The proposal addresses several inherent paradoxes in the competition programme. On the one hand, it is characterized by enthusiasm about the plans to expand and renew the existing Telemark Museum in Skien. On the other hand, it also shows a certain local concern at the risk of losing part of the historic park and its characteristic vegetation. A fundamental conflict, whose compromise approach suggests a partially invisible architectural solution below ground.
Most of the new museum building is thus located underground, with a distinctive gatehouse as the only element that is visible at street level. The transparent cut-out in the otherwise monolithic wooden structure offers a framed view of the park and parts of the administration, lecture rooms and exhibition halls clustered around an atrium space. The cut-out also forms an overhang that throws reflected light into the street and provides a sheltered spot for anyone waiting for a ride, to meet up before a visit etc. The plank cladding continues a historic building tradition, thus adapting to the many beautiful wooden houses in the area in a way that is free from nostalgic clichés.
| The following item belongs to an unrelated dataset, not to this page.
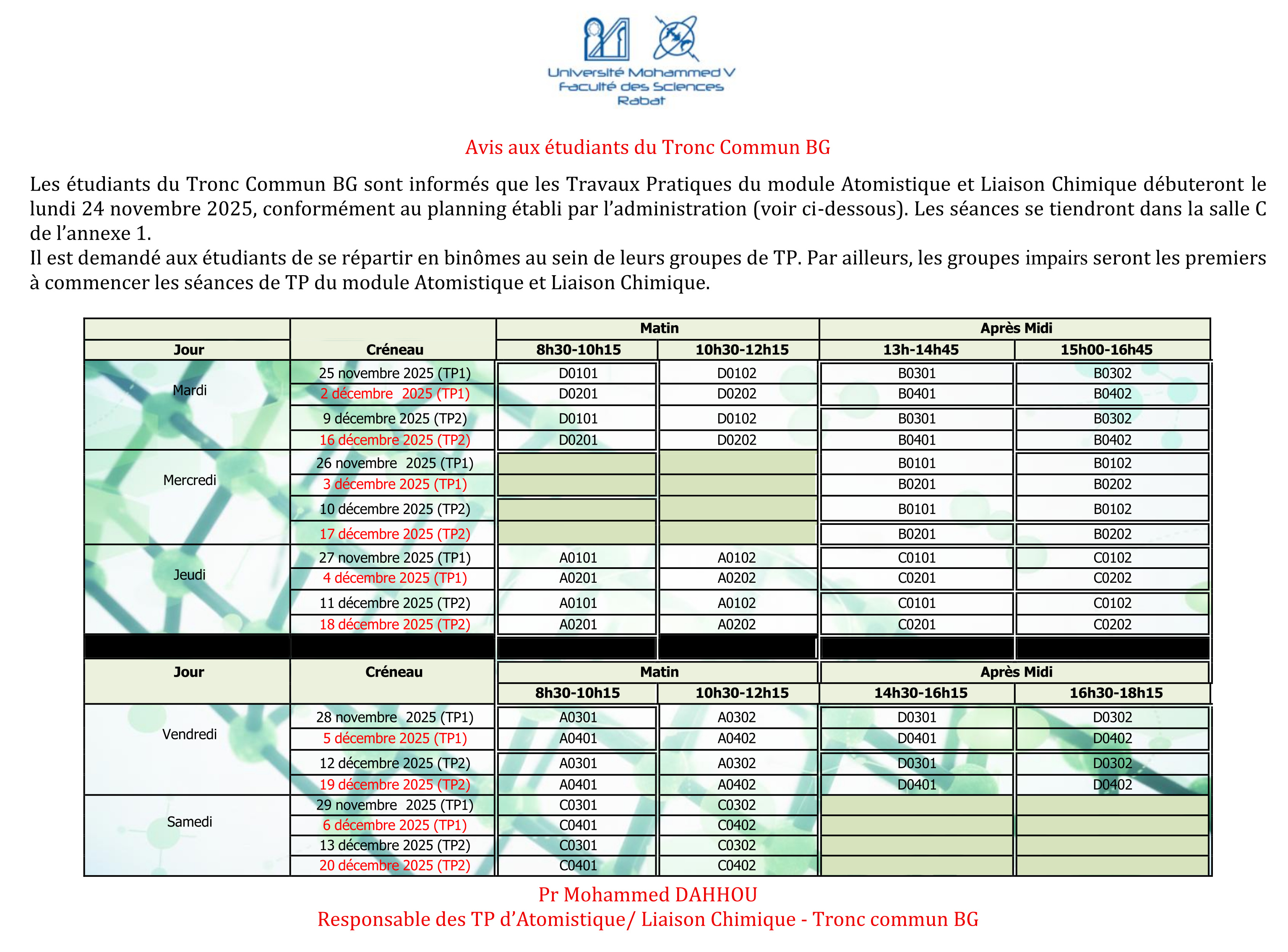 Les étudiants du Tronc Commun BG sont informés que les Travaux Pratiques du module Atomistique et Liaison Chimique débuteront le lundi 24 novembre 2025, conformément au planning établi par l’administration...

The building outline is almost archetypal, and the dark wooden cladding that wraps around the northern property line as a spatial ‘picket fence’ signals a new coherent and vital sense of order at the somewhat passive end of Brekkeparken (Brekke Park). The archetypal expression holds no specific functional associations, since the gatehouse not only serves as the entrance to the park or the museum but also aims to signal that Telemark Museum contains several independent local museums and distinct regional collections.
‘A new pavilion in Brekkeparken … is a spectacular and exciting proposal that offers a total interaction with the park and plays with elevations and levels, suspending traditional notions of over and under, indoors and out. It has a striking, monumental and vibrant entrance. It beckons people in! And down.’